- EXERCISE OBJECTIVE -
An exact copy of the lines of the listing below between the "ecoSmart ECO-1049 and" line and the "Schiffchen fahren lassen" line, both included, is the whole answer; please omit the pictures.

- RECORDS SUPPLIED -
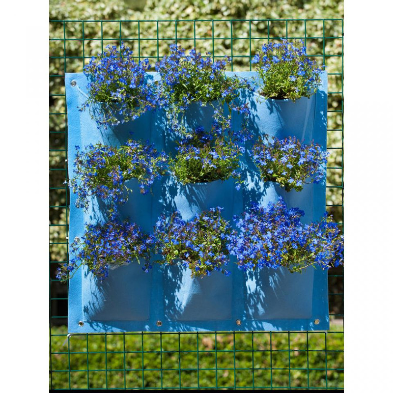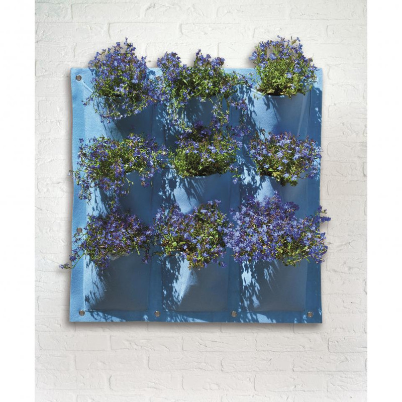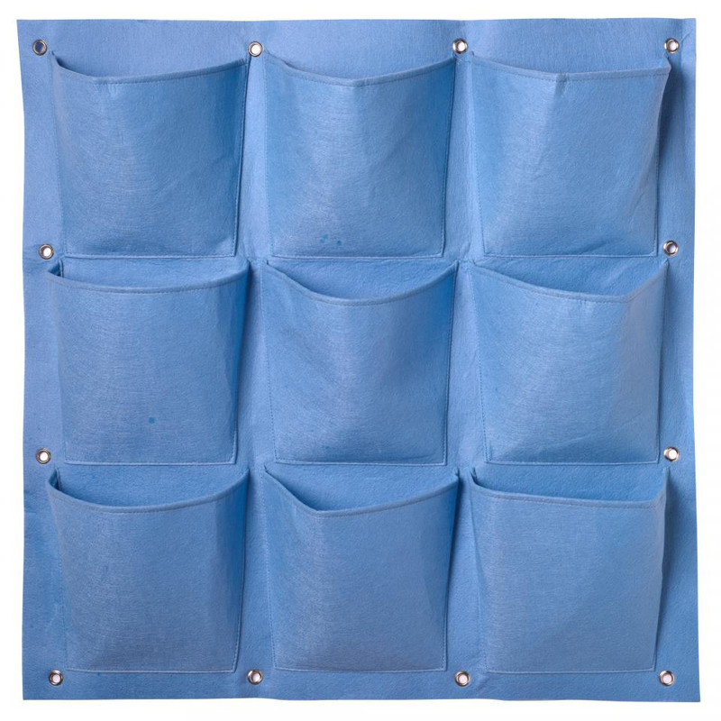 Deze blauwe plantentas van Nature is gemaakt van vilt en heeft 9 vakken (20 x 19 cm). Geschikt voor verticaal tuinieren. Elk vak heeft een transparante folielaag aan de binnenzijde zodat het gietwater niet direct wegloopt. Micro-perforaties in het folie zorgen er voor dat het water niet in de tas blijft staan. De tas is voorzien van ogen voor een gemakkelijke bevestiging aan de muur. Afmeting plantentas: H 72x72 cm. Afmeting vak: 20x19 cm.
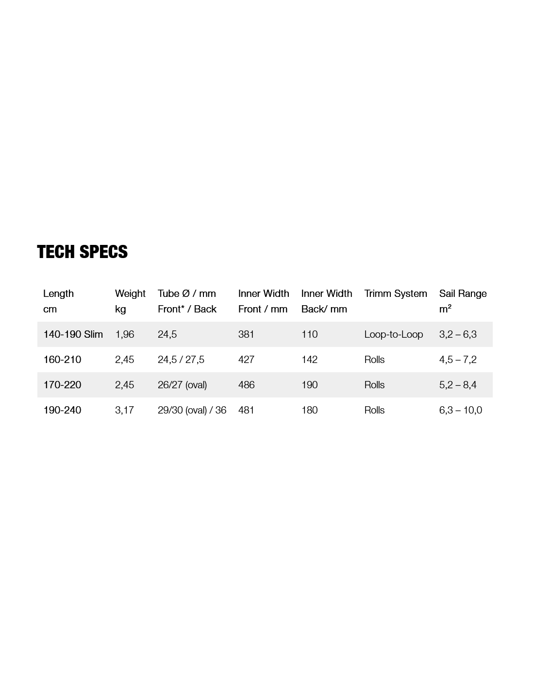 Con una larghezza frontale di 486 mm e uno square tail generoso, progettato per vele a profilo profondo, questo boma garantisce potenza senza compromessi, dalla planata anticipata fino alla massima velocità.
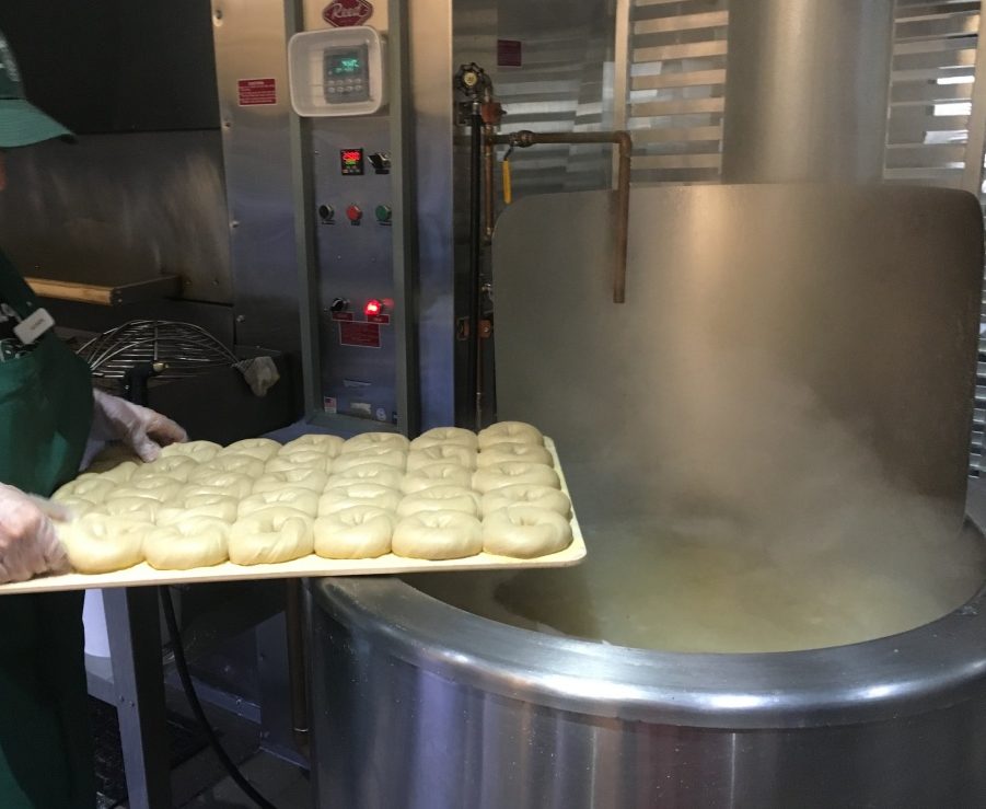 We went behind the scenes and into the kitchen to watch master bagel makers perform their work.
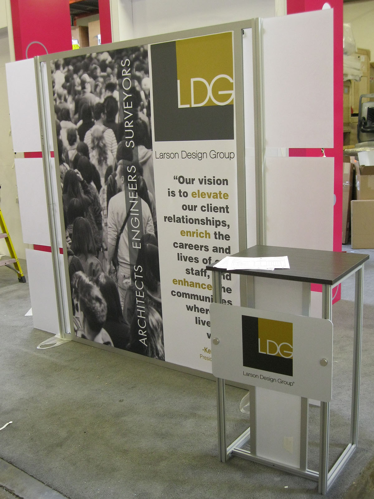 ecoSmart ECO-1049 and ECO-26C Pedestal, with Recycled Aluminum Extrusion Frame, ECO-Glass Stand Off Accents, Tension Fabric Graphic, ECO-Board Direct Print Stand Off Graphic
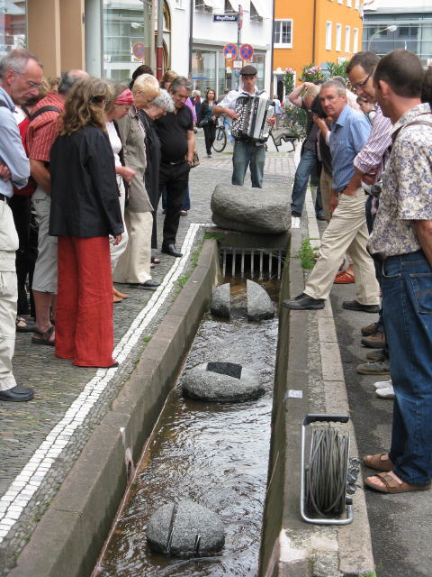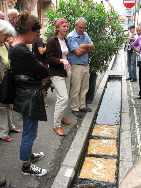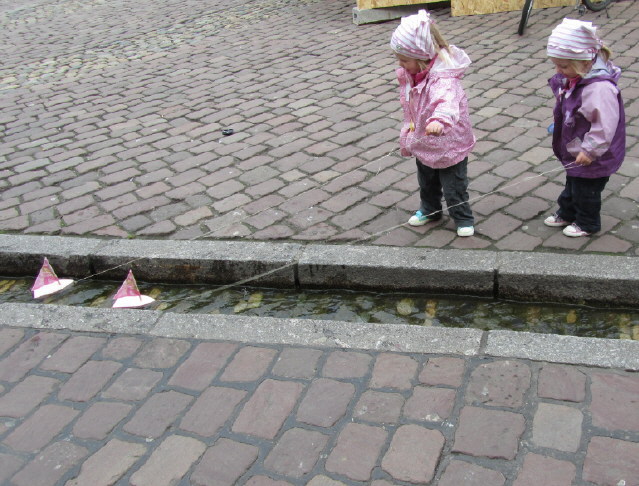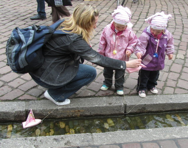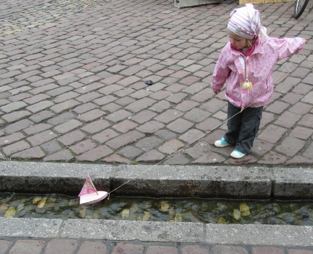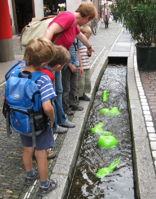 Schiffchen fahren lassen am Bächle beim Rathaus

---

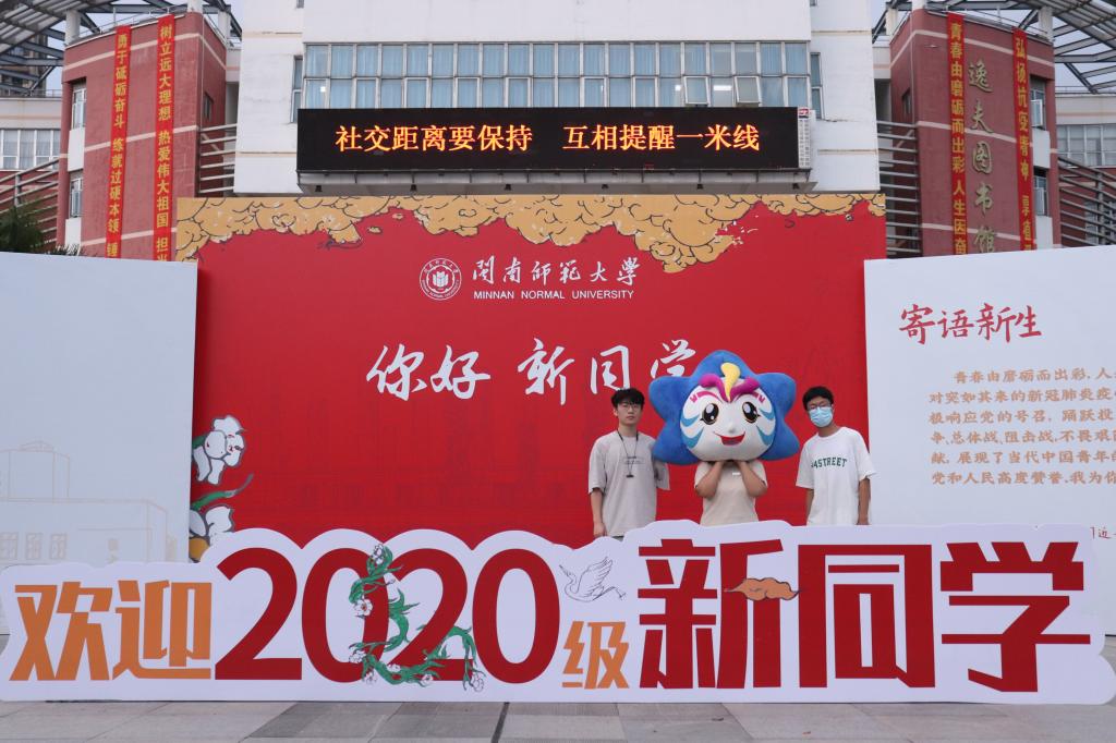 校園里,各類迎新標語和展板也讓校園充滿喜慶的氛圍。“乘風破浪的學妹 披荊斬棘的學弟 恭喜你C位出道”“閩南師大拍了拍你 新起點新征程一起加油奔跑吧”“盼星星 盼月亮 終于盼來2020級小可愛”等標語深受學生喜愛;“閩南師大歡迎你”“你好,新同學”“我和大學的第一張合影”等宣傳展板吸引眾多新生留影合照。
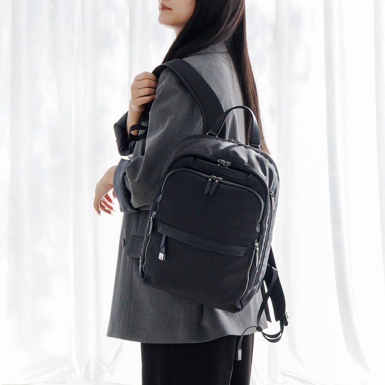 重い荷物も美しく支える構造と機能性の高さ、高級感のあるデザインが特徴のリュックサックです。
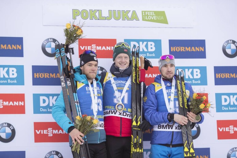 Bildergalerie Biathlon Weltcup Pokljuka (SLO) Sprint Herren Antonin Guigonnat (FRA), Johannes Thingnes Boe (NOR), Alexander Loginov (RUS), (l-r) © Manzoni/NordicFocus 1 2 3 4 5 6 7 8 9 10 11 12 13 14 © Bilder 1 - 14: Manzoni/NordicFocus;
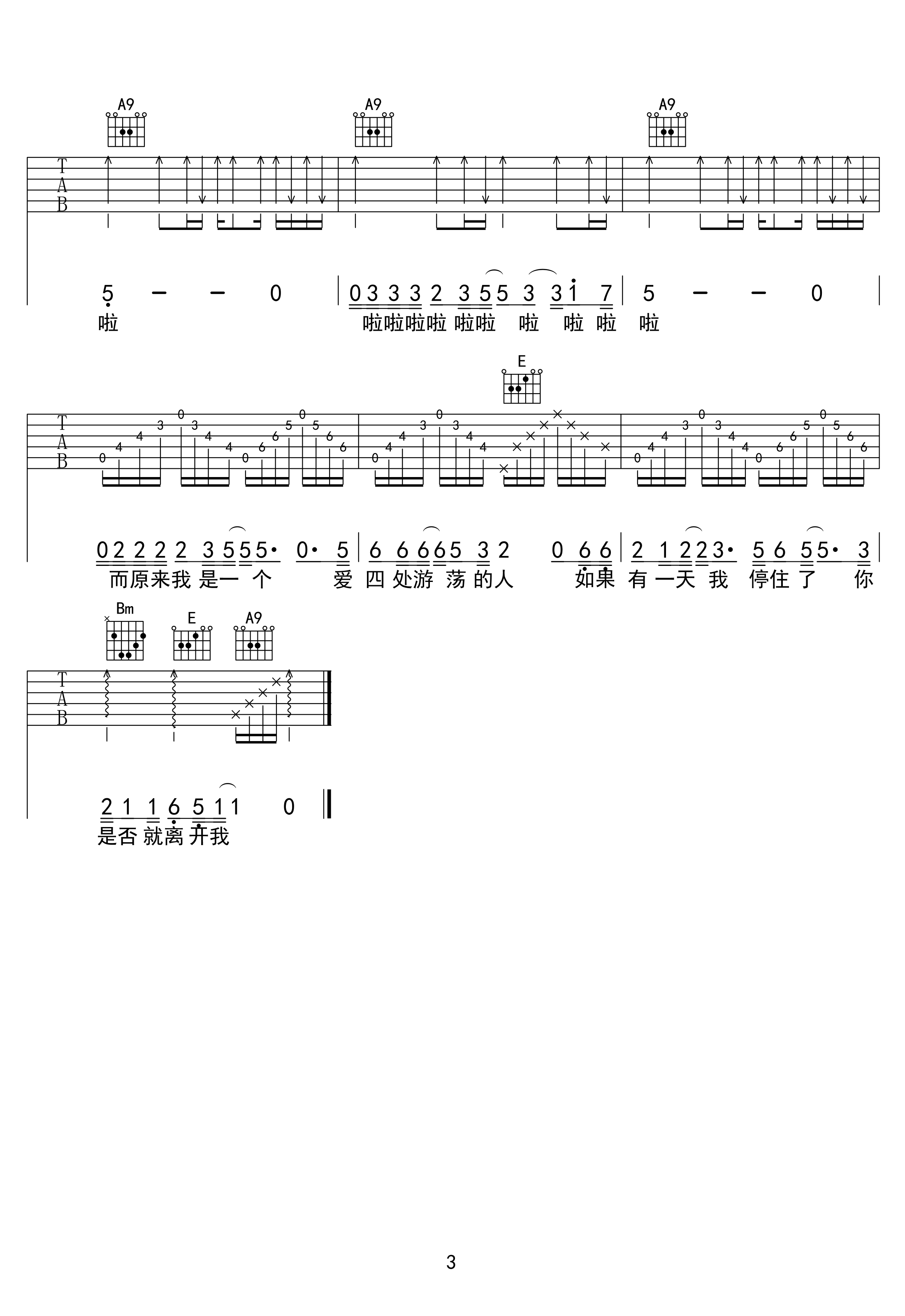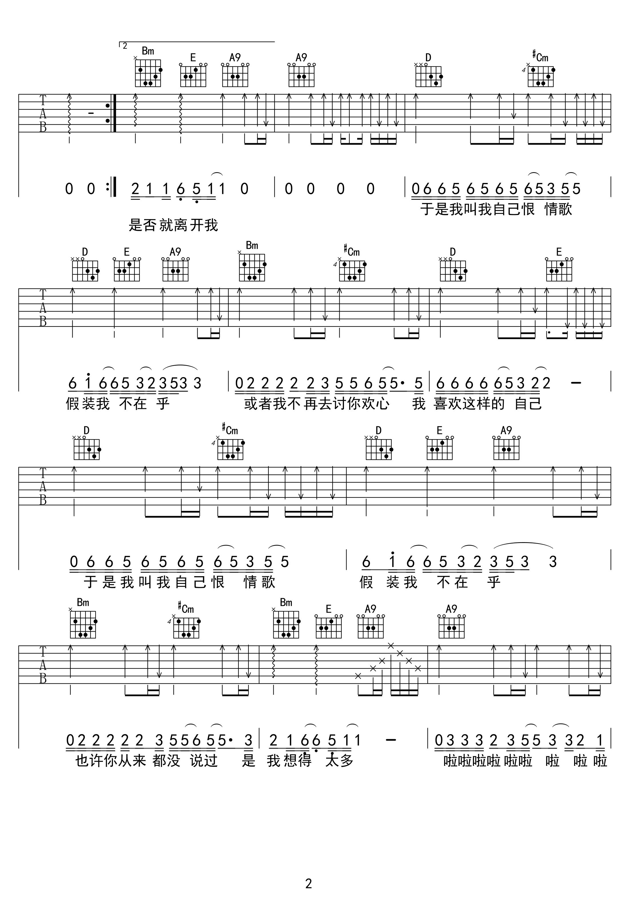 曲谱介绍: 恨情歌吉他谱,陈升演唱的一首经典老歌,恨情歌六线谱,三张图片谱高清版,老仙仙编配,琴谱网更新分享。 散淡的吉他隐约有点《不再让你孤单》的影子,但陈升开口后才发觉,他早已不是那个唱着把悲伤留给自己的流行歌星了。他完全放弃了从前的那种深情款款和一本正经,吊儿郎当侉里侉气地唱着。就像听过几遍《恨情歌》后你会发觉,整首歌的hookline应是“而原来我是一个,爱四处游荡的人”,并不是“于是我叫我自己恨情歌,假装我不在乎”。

- YOUR SOLUTION -
 ecoSmart ECO-1049 and ECO-26C Pedestal, with Recycled Aluminum Extrusion Frame, ECO-Glass Stand Off Accents, Tension Fabric Graphic, ECO-Board Direct Print Stand Off Graphic
 Schiffchen fahren lassen am Bächle beim Rathaus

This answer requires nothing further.